Should it unexpectedly not fix my issues, I'll let you know.
Have a nice weekend!
Best regards,
Ingmar
Am 26.05.2021 um 00:12 schrieb Bjorn Helgaas:
> On Thu, Apr 15, 2021 at 09:53:38PM +0200, Pali Rohár wrote:
>> Hello!
>>
>> On Thursday 15 April 2021 13:01:19 Alex Williamson wrote:
>>> [cc +Pali]
>>>
>>> On Thu, 15 Apr 2021 20:02:23 +0200
>>> Ingmar Klein <ingmar_klein@....de> wrote:
>>>
>>>> First thanks to you both, Alex and Bjorn!
>>>> I am in no way an expert on this topic, so I have to fully rely on your
>>>> feedback, concerning this issue.
>>>>
>>>> If you should have any other solution approach, in form of patch-set, I
>>>> would be glad to test it out. Just let me know, what you think might
>>>> make sense.
>>>> I will wait for your further feedback on the issue. In the meantime I
>>>> have my current workaround via quirk entry.
>>>>
>>>> By the way, my layman's question:
>>>> Do you think, that the following topic might also apply for the QCA6174?

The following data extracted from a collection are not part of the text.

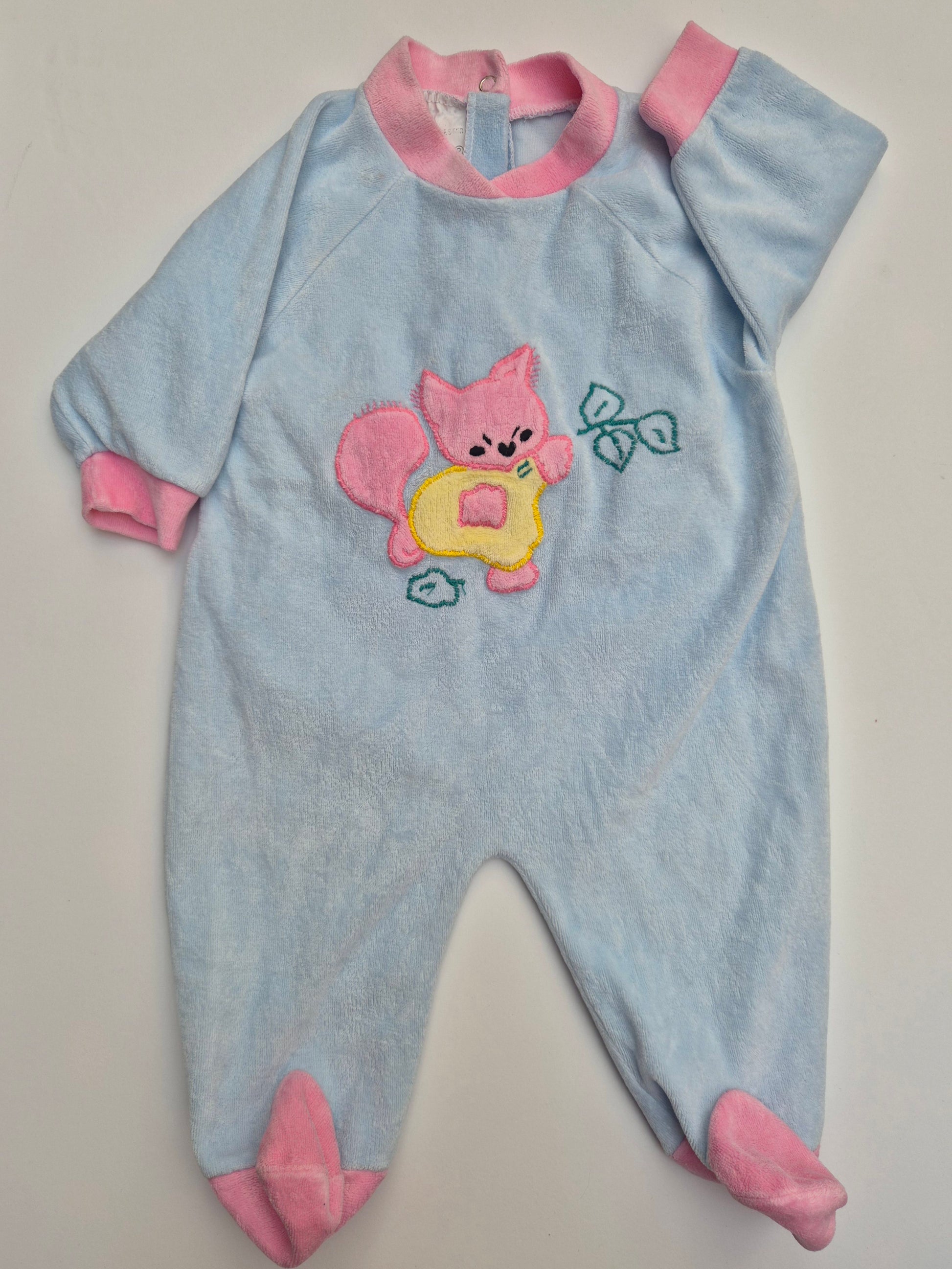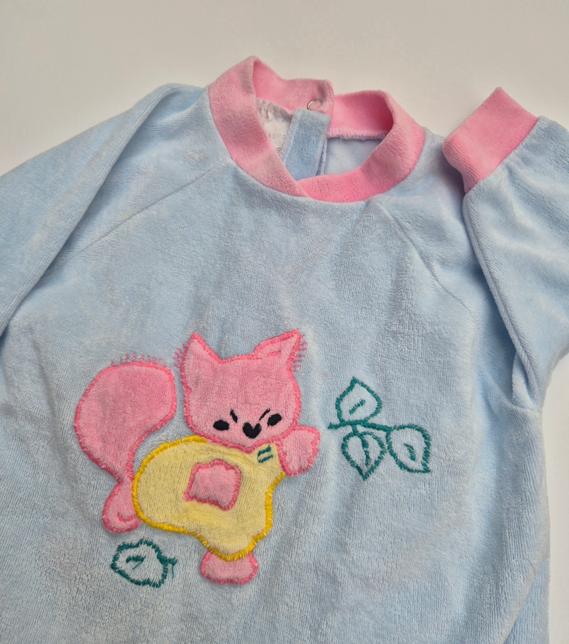Zacht blauw boxpakje met een grote eekhoorn op de voorkant. Handige drukknoopjes sluiting aan de achterkant.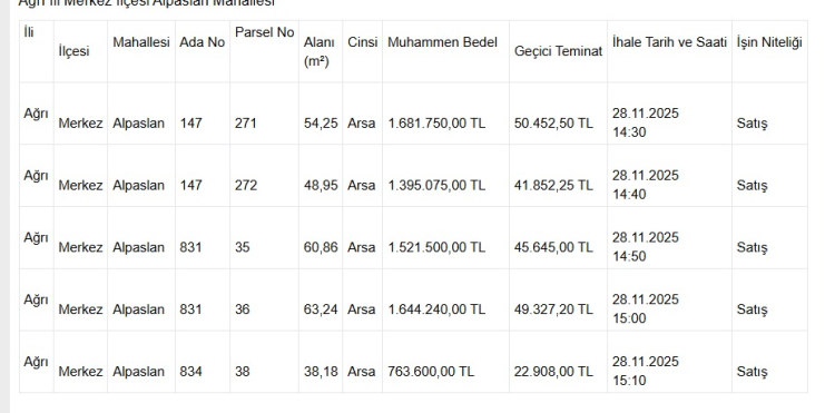 Ağrı Belediyesi’nden tartışmalı arsa satışı! 5 taşınmaz 7 milyon TL’ye ihaleye çıkarılıyor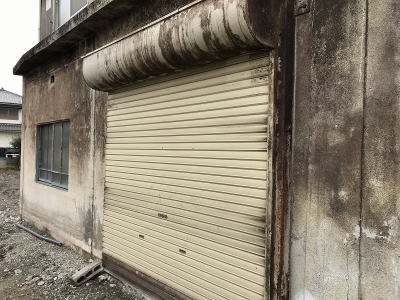 シャッターは枠の板金補修が必要でした。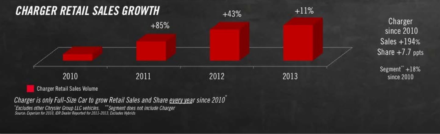 And sales have been growing, as Chrysler's ongoing incremental improvements to its big sedans have won the attention of more and more buyers. Retail sales of the Charger grew 194% from 2010 through 2013, Kuniskis noted in a presentation in May, compared to 18% growth for the overall full-sized sedan segment.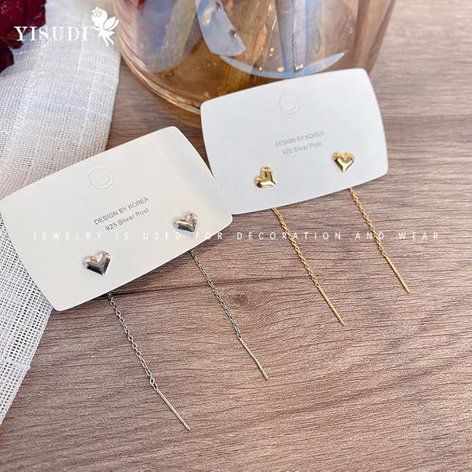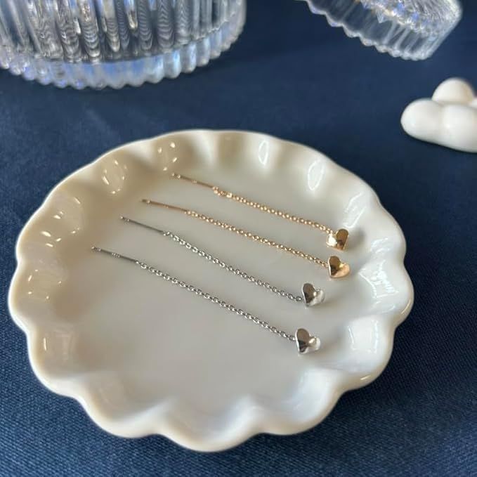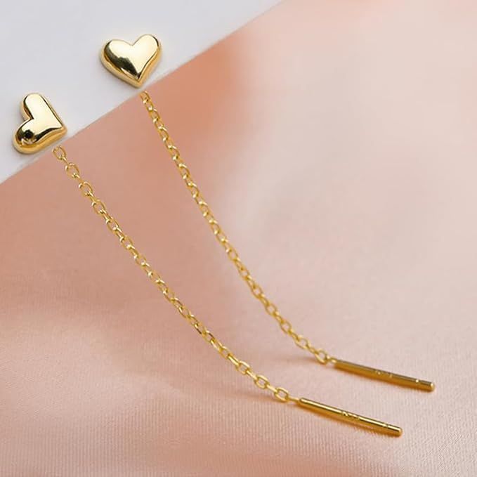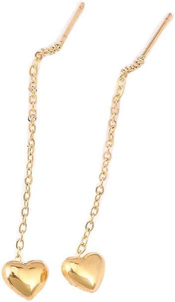 デザイン: 上品なハートモチーフと繊細なチェーンが特徴的な、スタイリッシュなアメリカンピアス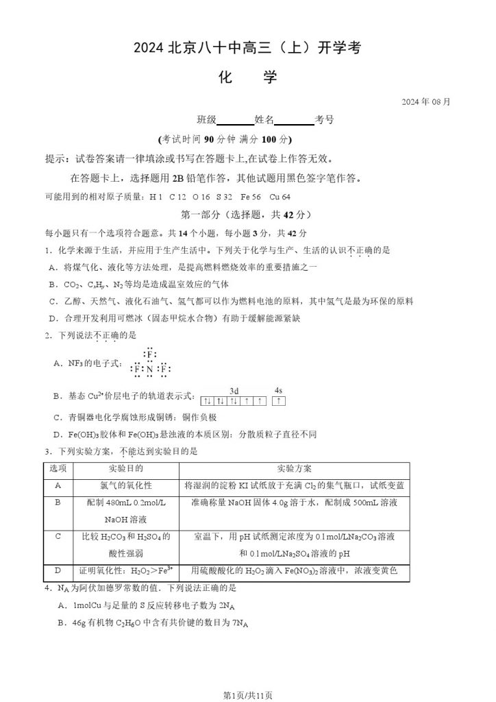 admw360教研组整理了2024北京八十中高三(上)开学考化学试题及答案,看看都考了哪些内容?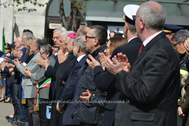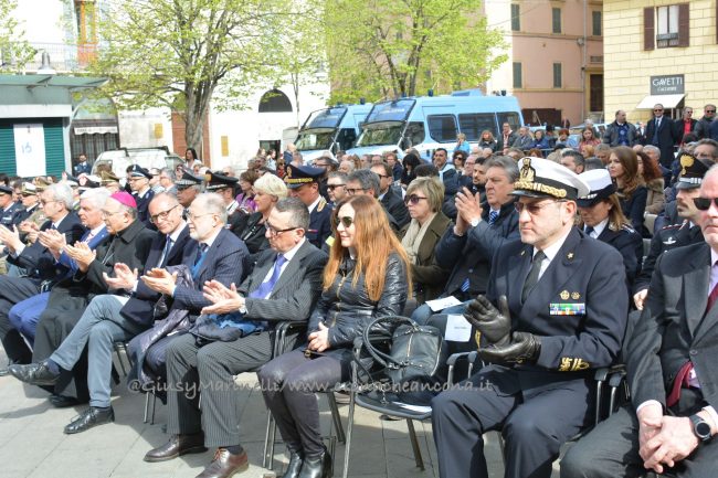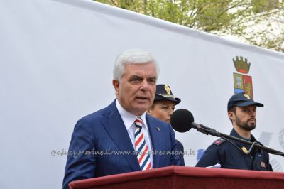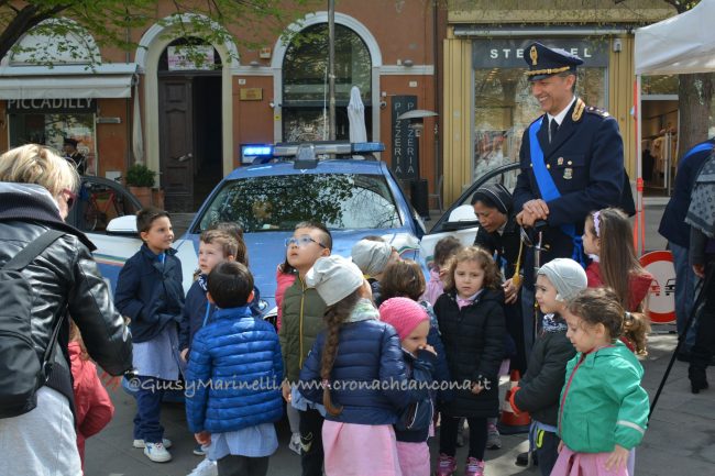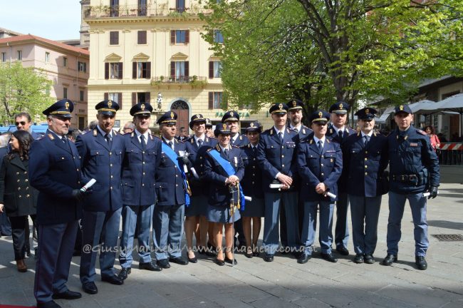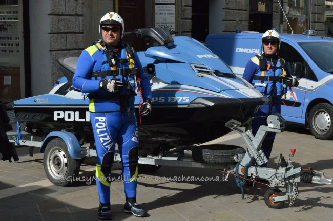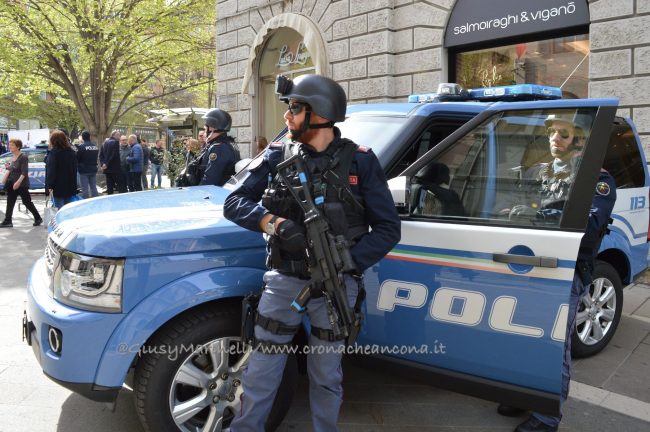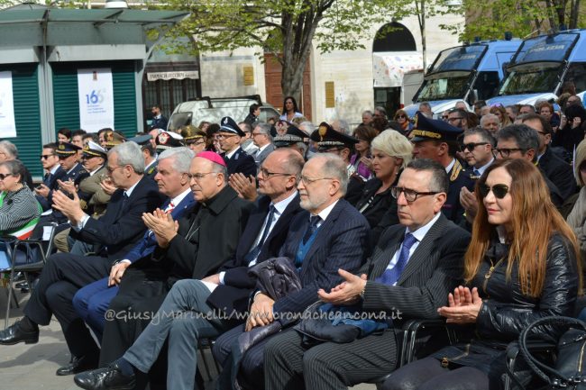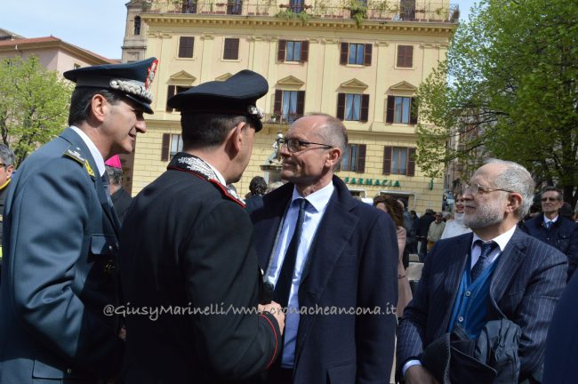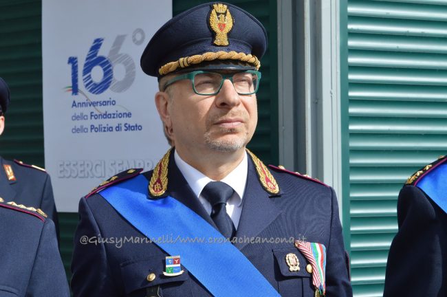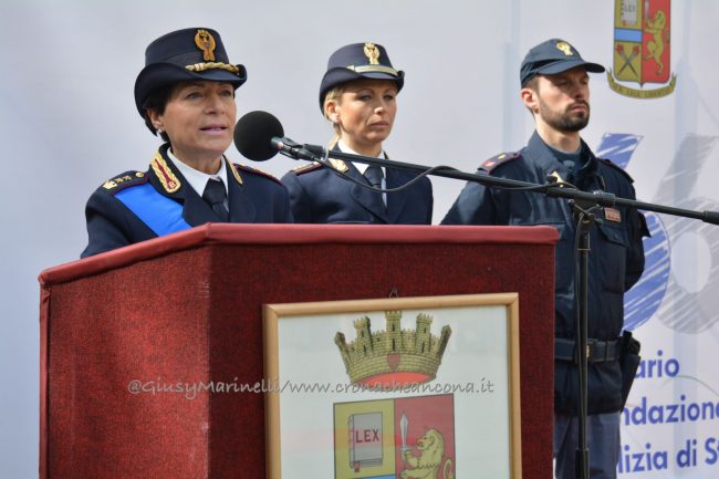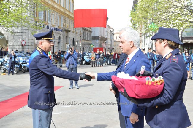 Esserci sempre, un motto che la polizia ha voluto portare in piazza questa mattina per rappresentare la presenza costante degli uomini e delle donne delle forze dell’ordine a tutela e servizio dei cittadini. Scelta simbolica, dunque, quella di celebrare in piazza Roma ad Ancona i 166 anni dalla fondazione del corpo della polizia di Stato. “La scelta di trovarci anche quest’anno qui nel cuore di Ancona, vuole sottolineare l’impegno sentito e determinato della polizia di Stato per questa città, per la sua provincia e per la sua gente, così viva ed attiva e così vicina oggi, più di sempre, in questa piazza. E lo stare qui, tra voi, è uno dei modi in cui si declina il tema che sintetizza il senso della celebrazione odierna: esserci sempre” ha spiegato il questore Oreste Capocasa nel suo discorso, che ha aperto la cerimonia ricordando gli agenti caduti in servizio e le loro famiglie. Su Ancona, il questore rileva che “pur in costanza di momenti delicati sul fronte nazionale e su quello internazionale, l’ordine pubblico non ha subito gravi turbative”.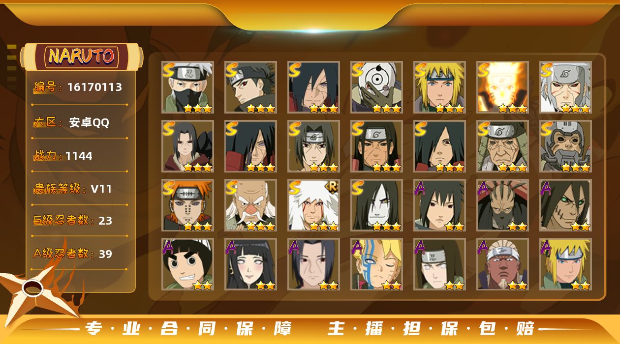 【S级忍者】:半藏「秽土转生」(3星),猿飞日斩「秽土转生」(3星),千手扉间「秽土转生」(3星),千手柱间「秽土转生」(3星),宇智波鼬「秽土转生」(3星),宇智波斑「秽土转生」(3星),宇智波斑「秽土转生·解」(3星),大野木「忍界大战」(3星),宇智波鼬「须佐能乎」(3星),宇智波止水「须佐能乎」(3星),旗木卡卡西「须佐能乎」(3星),自来也「舞之豪杰」(3星),大蛇丸(3星),自来也「传说中的三忍」(3星),宇智波斑(3星),波风水门(3星),漩涡鸣人「九喇嘛连结」(3星),佩恩「天道」(3星),宇智波斑 「白面具」(3星宇智波斑「白面具」),波风水门「九喇嘛连结」(3星),宇智波斑「五影会谈」(3星),漩涡鸣人·宇智波佐助(3星),宇智波带土「十尾人柱力」(3星)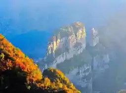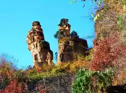 Don’t forget to look back while climbing! Two stone peaks shaped like ancient figures “welcome guests” amidst the brilliant autumn leaves, super picturesque, remember to take a photo!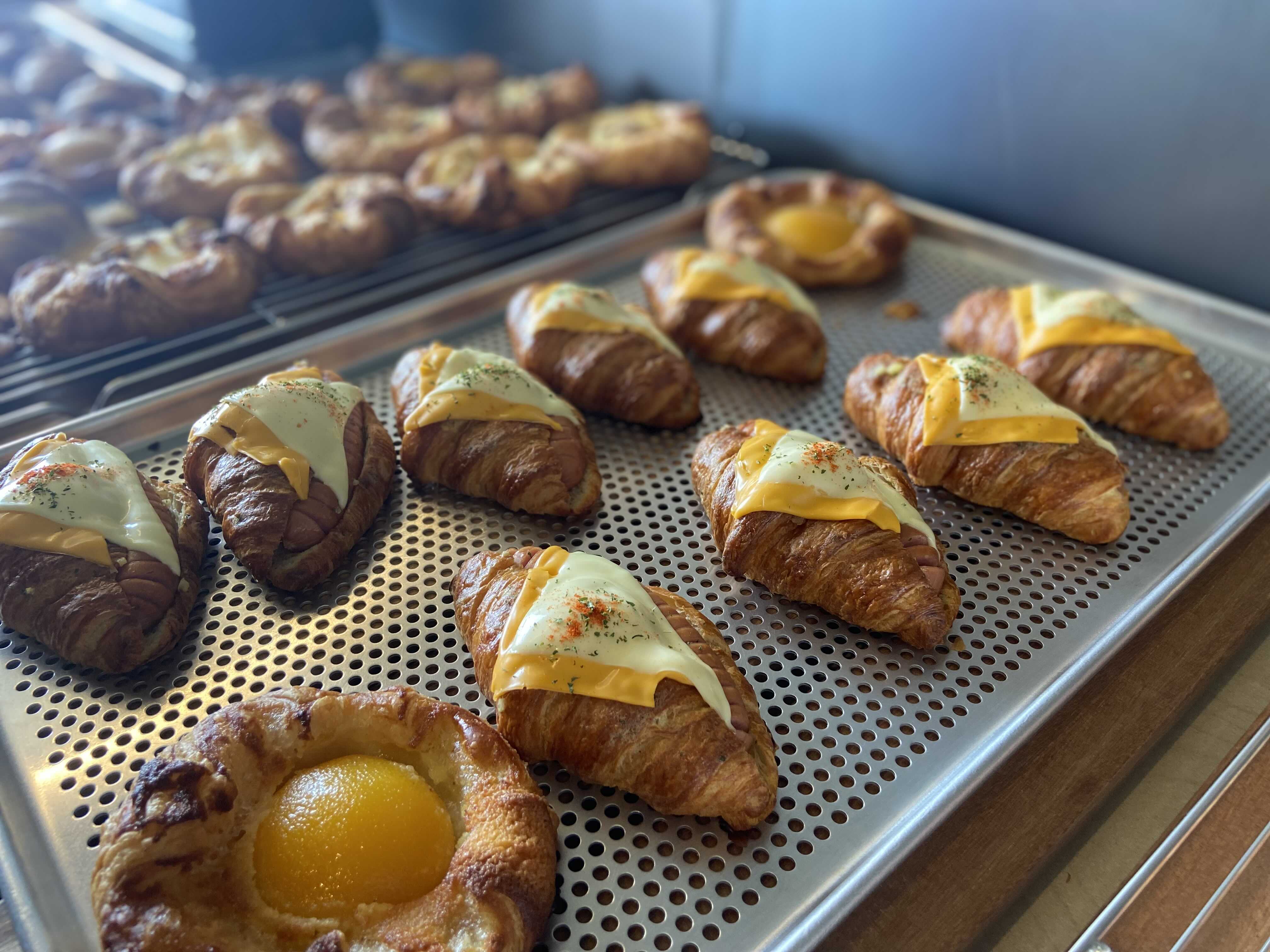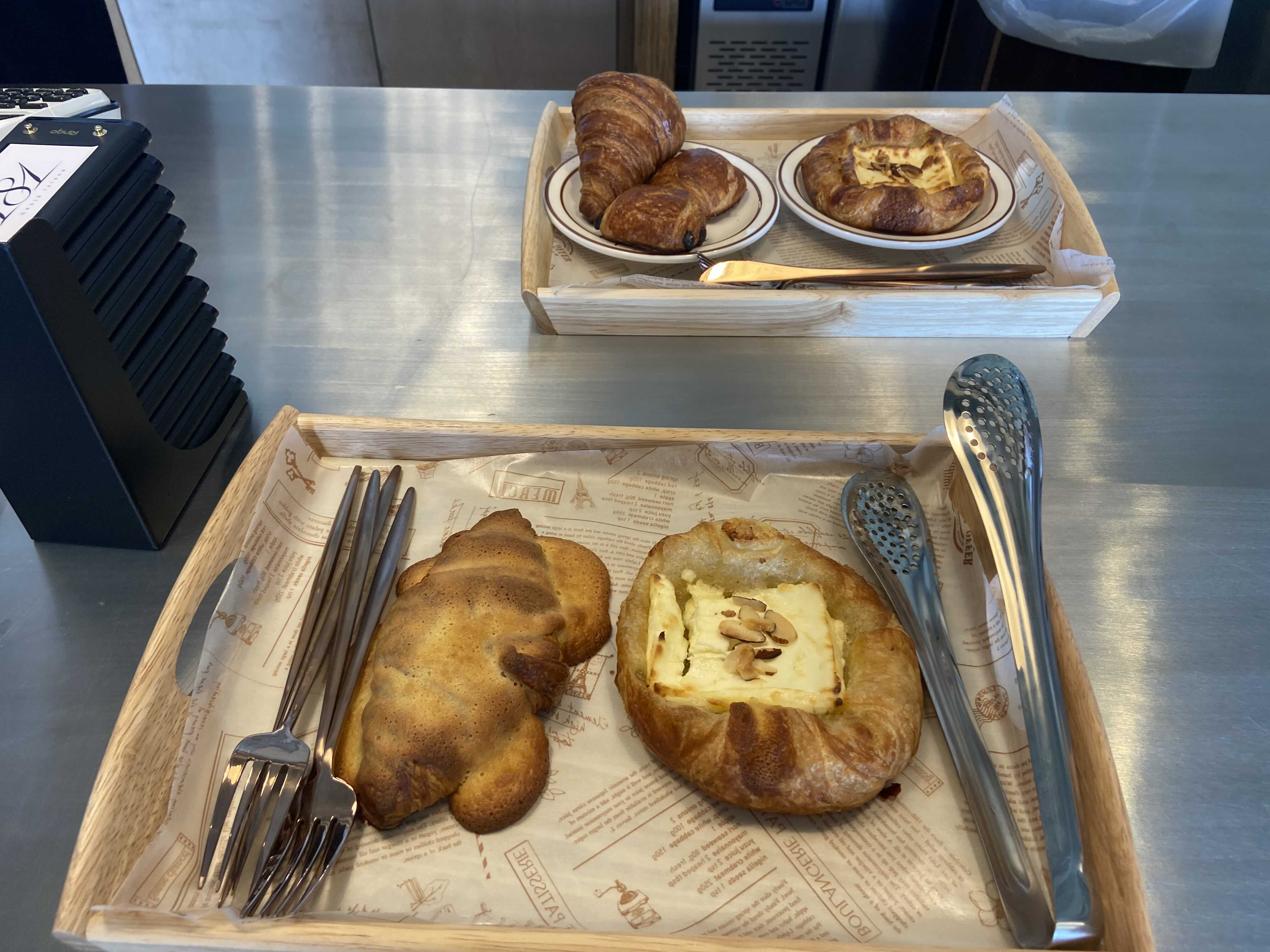 크로와상하고 크림치즈가 들어간 빵을 냉큼 집어담음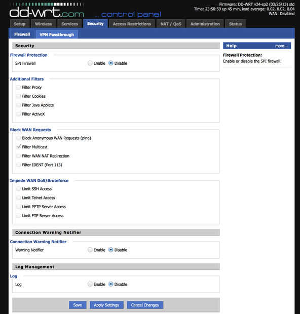 Haga clic en la ficha seguridad. Deberás desactivar todo excepto filtro muticast y luego desactivar el firewall.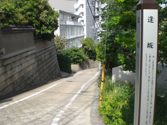 逢坂は、市谷船河原町にある、勾配の急な坂で、思いあう者が逢う願いの坂を言います。

>>>> https://www.spinics.net/lists/linux-pci/msg106395.html
>> I have been testing more ath cards and I'm going to send a new version
>> of this patch with including more PCI ids.
> Dropping this patch in favor of Pali's new version.
>
>>>> Or in other words, should a similar approach be tried for the QCA6174
>>>> and if yes, would it bring any benefit at all?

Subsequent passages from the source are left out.